Vector Inference: Easy inference on Slurm clusters¶

This repository provides an easy-to-use solution to run inference servers on Slurm-managed computing clusters using vLLM. This package runs natively on the Vector Institute cluster environment. To adapt to other environments, follow the instructions in Installation.

NOTE: Supported models on Killarney are tracked here

Installation¶

If you are using the Vector cluster environment, and you don't need any customization to the inference server environment, run the following to install package:

pip install vec-inf

Otherwise, we recommend using the provided Dockerfile to set up your own environment with the package. The latest image has vLLM version 0.10.1.1.
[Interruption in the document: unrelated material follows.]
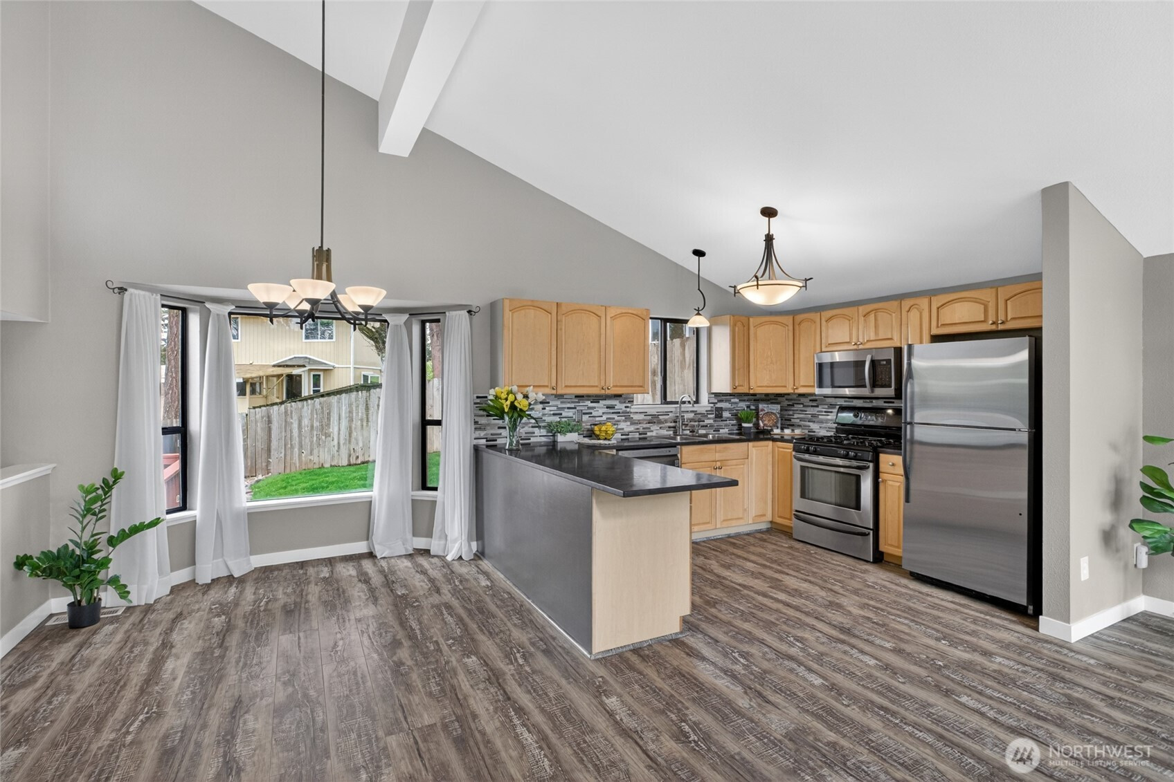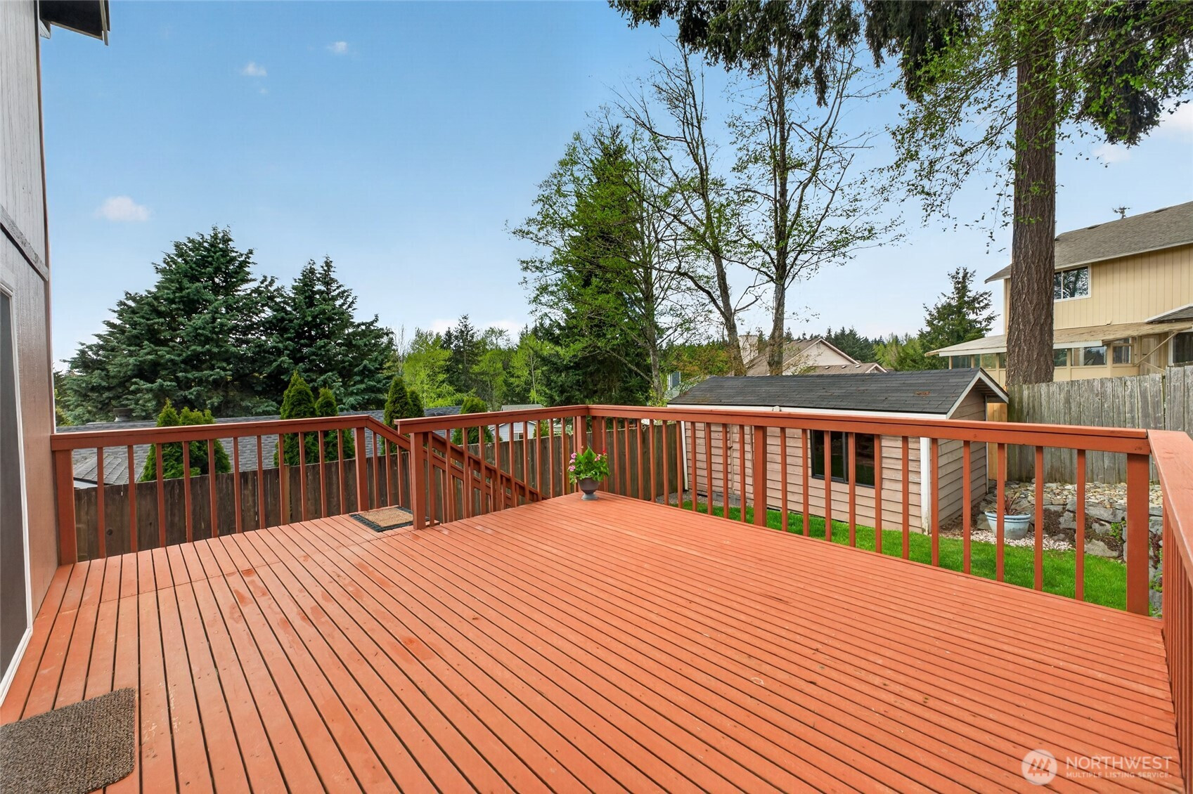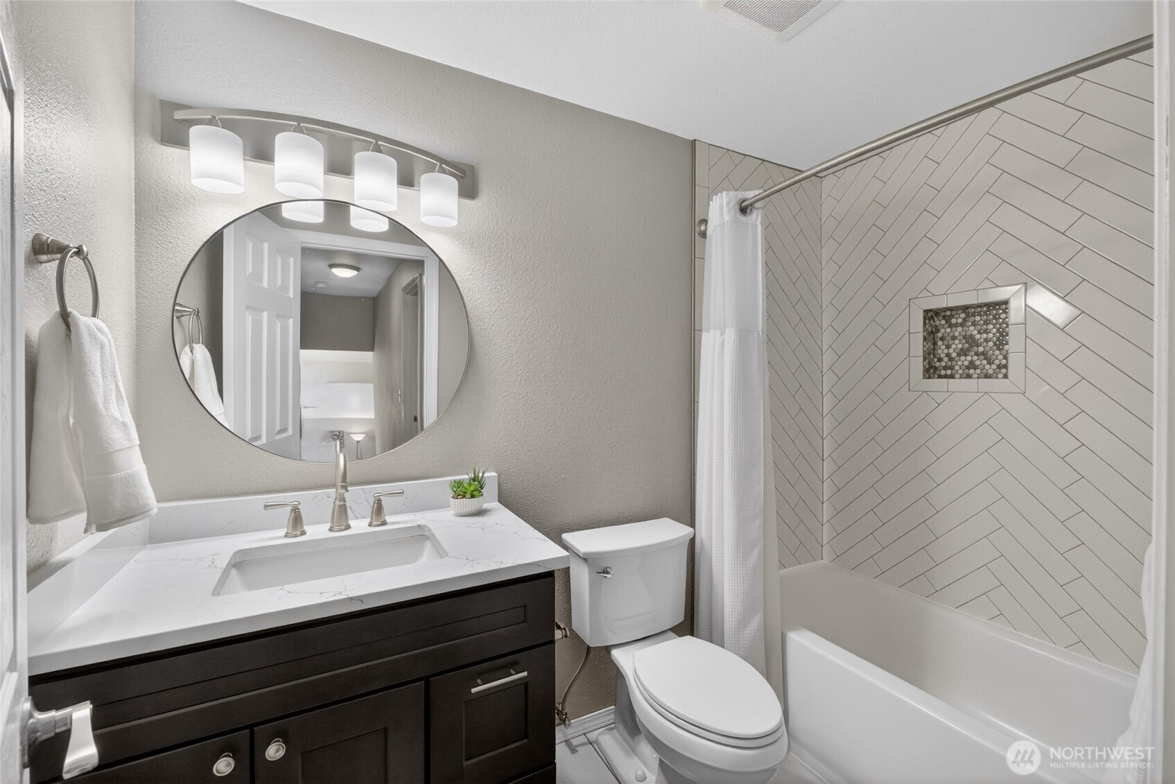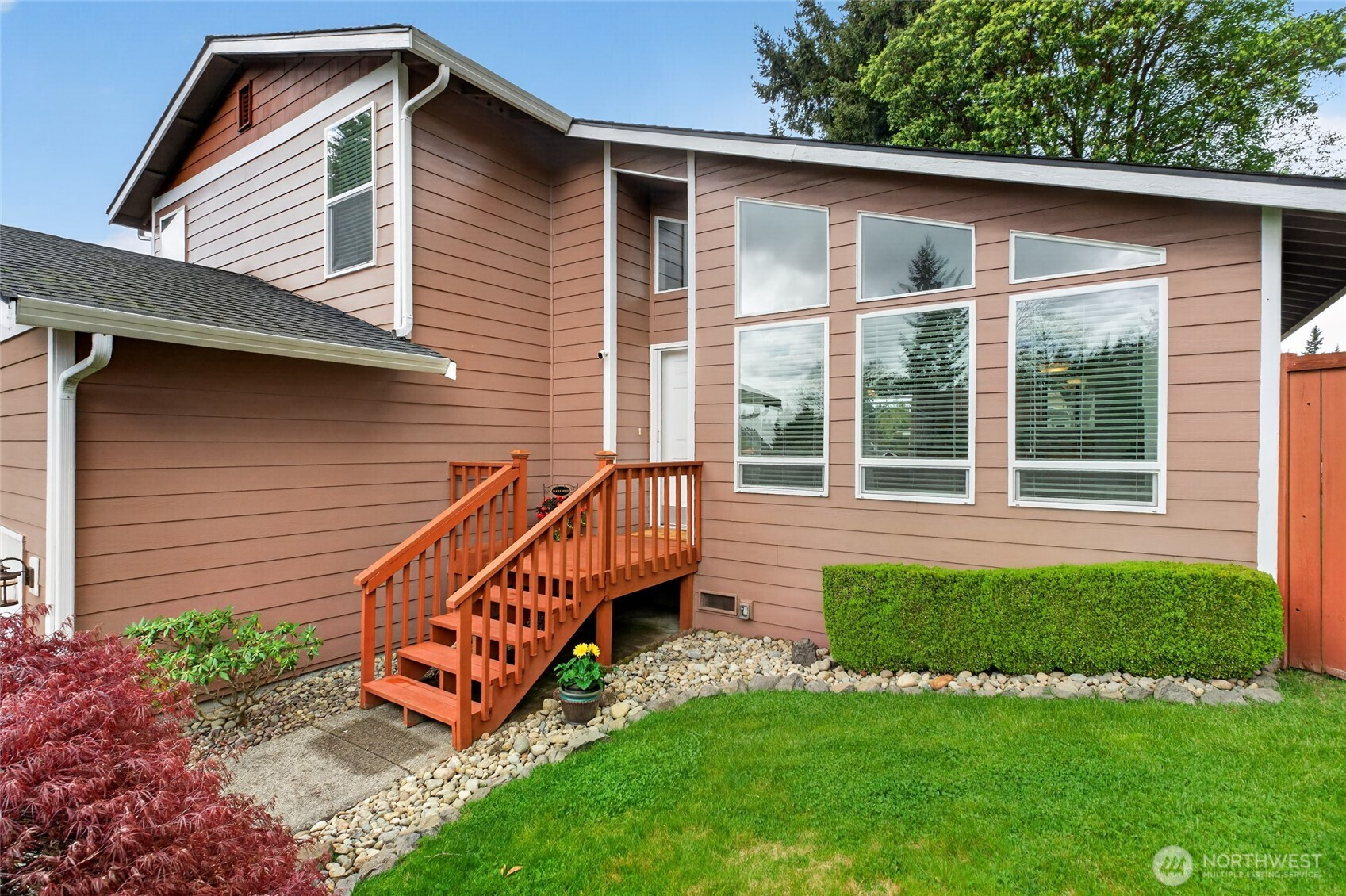 Welcome to this beautifully maintained 3 Bedroom, 2.5 Bath tri-level home offering 1,450 sq ft of thoughtfully designed living space. Featuring luxury flooring in the main living areas, hallway, and primary bath, along with brand new carpet throughout, this move-in ready home perfectly blends comfort, style, and modern updates. The bright, updated kitchen is a true standout, showcasing granite countertops, a gas stove, ample cabinetry, and sleek stainless-steel appliances- ideal for both everyday living and entertaining. The refreshed bathrooms feature elegant quartz countertops with tile flooring in the upstairs main bath and durable vinyl in the downstairs bath/ laundry room. Relax by the cozy gas fireplace or host gatherings in the inviting open-concept living and dining areas filled with abundant natural light. The home is also hardwired for a generator, offering added convenience and peace of mind year-round. A generously sized garage provides ample storage and workspace options. Step outside to a fully fenced backyard with a spacious deck- perfect for entertaining, outdoor dining, or simply unwinding- along with a sprinkler system to keep the yard lush and a garden shed for additional storage. Ideally situated on a quiet cul-de-sac in a desirable neighborhood between Seattle and Tacoma, this home offers easy access to major commuting routes, shopping, dining, parks, and everyday conveniences.
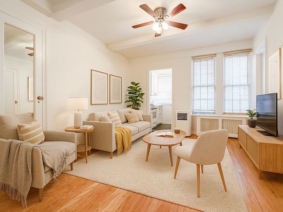 Beautiful apartment with a windowed kitchen and bathroom, AC, hardwood floors, and 2 large closets.

If you'd like to use vec-inf on your own Slurm cluster, you would need to update the configuration files, there are 3 ways to do it: * Clone the repository and update the environment.yaml and the models.yaml file in vec_inf/config, then install from source by running pip install .. * The package would try to look for cached configuration files in your environment before using the default configuration. The default cached configuration directory path points to /model-weights/vec-inf-shared, you would need to create an environment.yaml and a models.yaml following the format of these files in vec_inf/config. * The package would also look for an enviroment variable VEC_INF_CONFIG_DIR. You can put your environment.yaml and models.yaml in a directory of your choice and set the enviroment variable VEC_INF_CONFIG_DIR to point to that location.